1335. Minimum Difficulty of a Job Schedule
You want to schedule a list of jobs in d
days. Jobs are dependent (i.e To work on the i-th
job, you have to finish all the jobs j
where 0 <= j < i
).
You have to finish at least one task every day. The difficulty of a job schedule is the sum of difficulties of each day of the d
days. The difficulty of a day is the maximum difficulty of a job done in that day.
Given an array of integers jobDifficulty
and an integer d
. The difficulty of the i-th
job is jobDifficulty[i]
.
Return the minimum difficulty of a job schedule.
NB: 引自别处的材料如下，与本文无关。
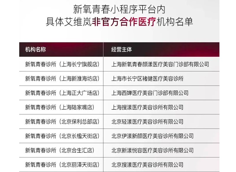 不止斐缦生物,另一家厂商普丽妍也在11月22日发布了一份名单,将40余家新氧青春诊所列为“非官方合作医疗机构”。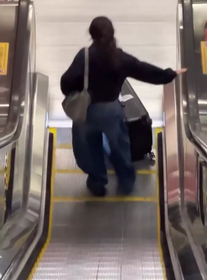 日前在紅磡港鐵站內,一名女乘客的驚險一幕被網民拍下並在社交平台Threads上瘋傳。影片中,該名女子拖著一個黑色行李箱,卻在搭乘扶手電梯時只顧低頭玩手機,完全沒有留意身邊的行李。結果,行李箱瞬間失控,沿著電梯一路高速滾落至地面,險象環生。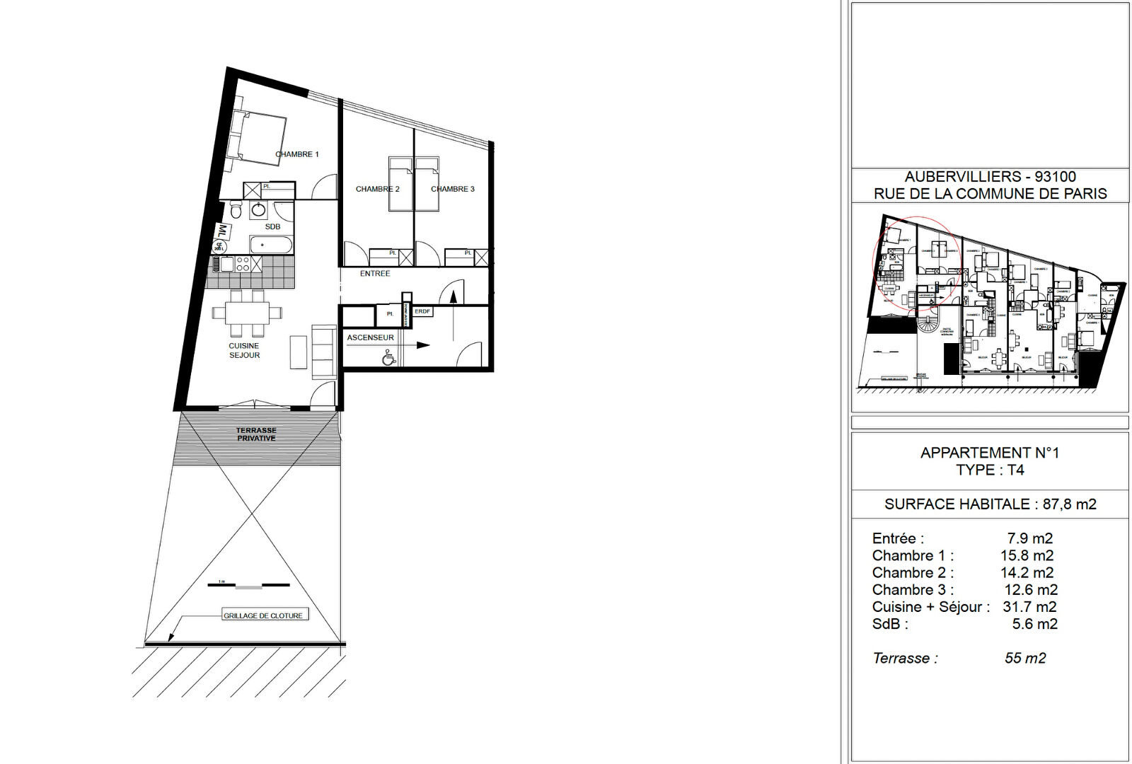 Sans perte de place, il se compose d'une entrée, couloir distribuant en étoile séjour avec cuisine US de 31m², 3 chambres de 12, 14 et 16m², salle de bains avec WC.
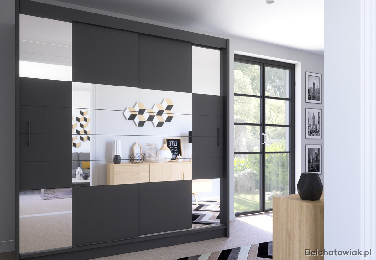 Nowoczesna szafa przesuwna grafitowa z lustrem to idealne rozwiązanie dla osób, które cenią styl i praktyczność. Dzięki eleganckiemu frontowi z lustrem w odcieniu grafitowym, mebel powiększa optycznie przestrzeń i dodaje wnętrzu wyjątkowego charakteru. Doskonale sprawdzi się jako szafa do sypialni, garderoby czy przedpokoju.
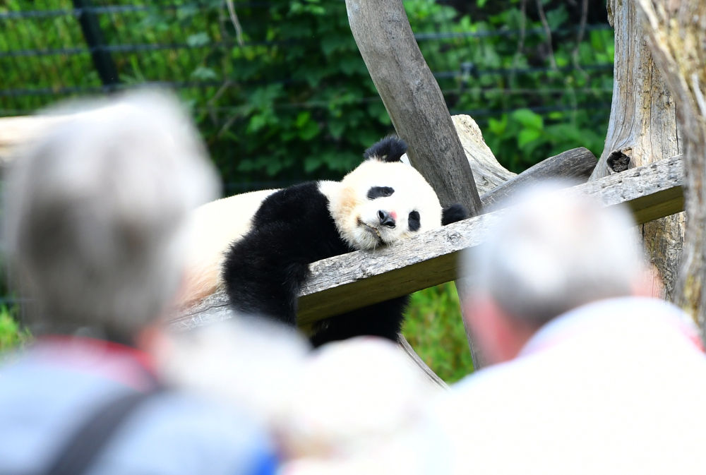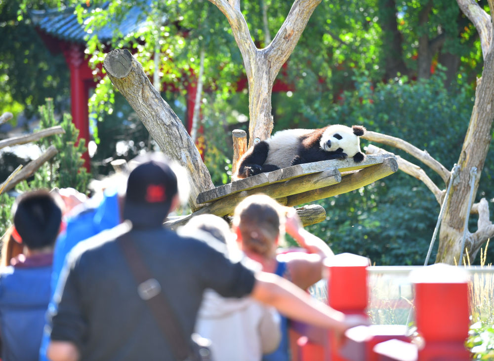 ↑8月31日,人们在德国柏林动物园观看大熊猫“梦想”。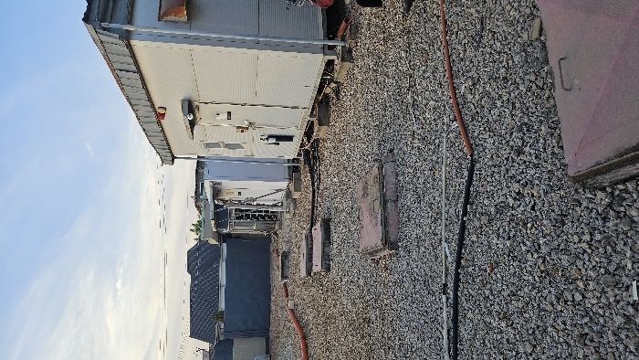 The image displays an outdoor utility or telecommunications site located in Kabala, Nigeria. The ground surface is covered with light grey and brown gravel. Several cables and conduits, including orange, black, and grey varieties, are routed across the gravel. Four reddish-brown, rectangular access covers are visible embedded in the gravel, leading towards a row of structures. These structures are modular, pre-fabricated-style shelters, light-colored (off-white/light grey), with corrugated metal roofs, elevated on concrete bases. The closest shelter on the right features a white access door, a small window or vent, and an attached red device, possibly a fire extinguisher. Further along the row, other shelters and exposed equipment, potentially cooling units or electronic cabinets, are visible. In the background, a dark-colored building with a sloped roof is partially observed. The sky is light blue with sparse white clouds. No individuals are present in the scene.

If you cannot find a schedule for the jobs return -1.
Example 1:
Input: jobDifficulty = [6,5,4,3,2,1], d = 2 Output: 7 Explanation: First day you can finish the first 5 jobs, total difficulty = 6. Second day you can finish the last job, total difficulty = 1. The difficulty of the schedule = 6 + 1 = 7
Example 2:
Input: jobDifficulty = [9,9,9], d = 4 Output: -1 Explanation: If you finish a job per day you will still have a free day. you cannot find a schedule for the given jobs.
Example 3:
Input: jobDifficulty = [1,1,1], d = 3 Output: 3 Explanation: The schedule is one job per day. total difficulty will be 3.
Example 4:
Input: jobDifficulty = [7,1,7,1,7,1], d = 3 Output: 15
Example 5:
Input: jobDifficulty = [11,111,22,222,33,333,44,444], d = 6 Output: 843
Constraints:
1 <= jobDifficulty.length <= 300
0 <= jobDifficulty[i] <= 1000
1 <= d <= 10
思路:
题目意思是给定一个数组,每个元素代表一个任务的完成时间,再给出一个天数,让分配这些任务,每天完成的任务数不限制,耗时按照最大的计算,保证所有天数加起来耗时最小。
可以从划分的角度考虑,对于j个任务,第k天完成的任务的最小值,等于前j-k天完成的最小值,加上后面任务完成所需的最大值。那状态转移方程就可以是:dp[i][k] = min(dp[j][k-1] + max(jobs[j+1, i])) (k - 1 <= j < i)
。j个任务的取值范围有下界是因为任务数量一定要大于天数,不然题目是无解的。
代码:
golang:
func minDifficulty(jobs []int, d int) int {
m := len(jobs)
if m < d {
return -1
}
var dp = make([][]int, m + 1)
for i := range dp {
dp[i] = make([]int, d + 1)
for j := range dp[i] {
dp[i][j] = math.MaxInt16
}
}
dp[0][0] = 0
for i := 1; i <= m; i++ {
for k := 1; k <= d; k++ {
maxDay := 0
for j := i - 1; j >= k - 1; j-- {
maxDay = max(maxDay, jobs[j])
dp[i][k] = min(dp[i][k], dp[j][k-1] + maxDay)
}
}
}
return dp[m][d]
}
func max(i, j int) int {
if i > j {
return i
}
return j
}
func min(i, j int) int {
if i < j {
return i
}
return j
}